Problem to solve:
From the line with "This exercise is" to the line with "나무나 산등의 같은 오브젝트를", output every line below exactly, both ends included. Skip the pictures.

━━ Record set ━━

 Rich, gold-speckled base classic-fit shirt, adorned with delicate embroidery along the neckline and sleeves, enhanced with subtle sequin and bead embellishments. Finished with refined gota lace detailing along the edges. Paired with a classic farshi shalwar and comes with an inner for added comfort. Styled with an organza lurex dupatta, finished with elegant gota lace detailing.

━━━
━━ Record set ━━

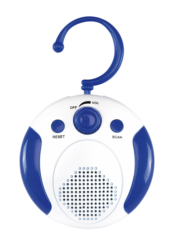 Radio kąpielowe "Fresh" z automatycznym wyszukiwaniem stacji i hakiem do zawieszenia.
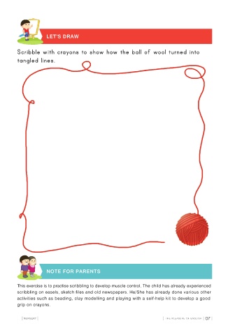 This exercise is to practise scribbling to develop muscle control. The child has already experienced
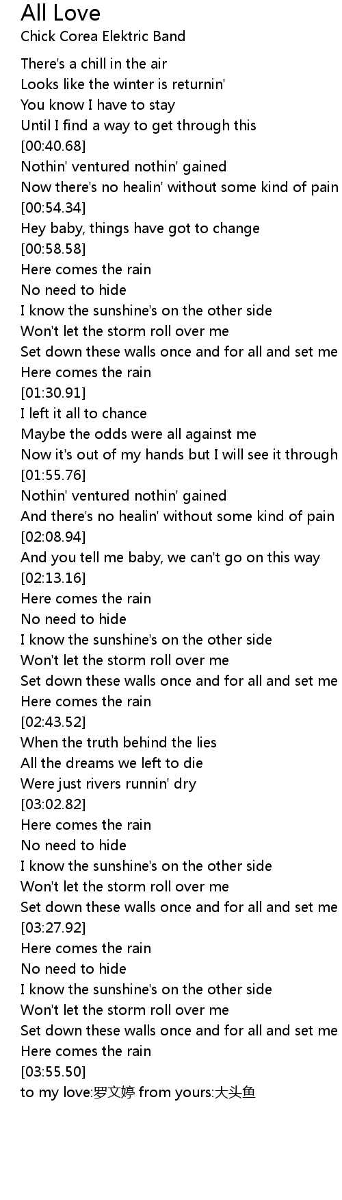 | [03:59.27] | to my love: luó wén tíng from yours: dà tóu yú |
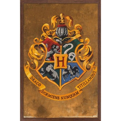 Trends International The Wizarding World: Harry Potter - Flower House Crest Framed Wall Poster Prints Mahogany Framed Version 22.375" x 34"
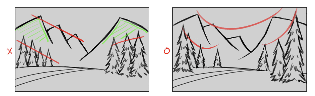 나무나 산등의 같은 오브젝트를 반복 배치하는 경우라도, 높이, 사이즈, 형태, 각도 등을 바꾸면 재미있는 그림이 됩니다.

━━━

Exercise result:
 This exercise is to practise scribbling to develop muscle control. The child has already experienced
 | [03:59.27] | to my love: luó wén tíng from yours: dà tóu yú |
 Trends International The Wizarding World: Harry Potter - Flower House Crest Framed Wall Poster Prints Mahogany Framed Version 22.375" x 34"
 나무나 산등의 같은 오브젝트를 반복 배치하는 경우라도, 높이, 사이즈, 형태, 각도 등을 바꾸면 재미있는 그림이 됩니다.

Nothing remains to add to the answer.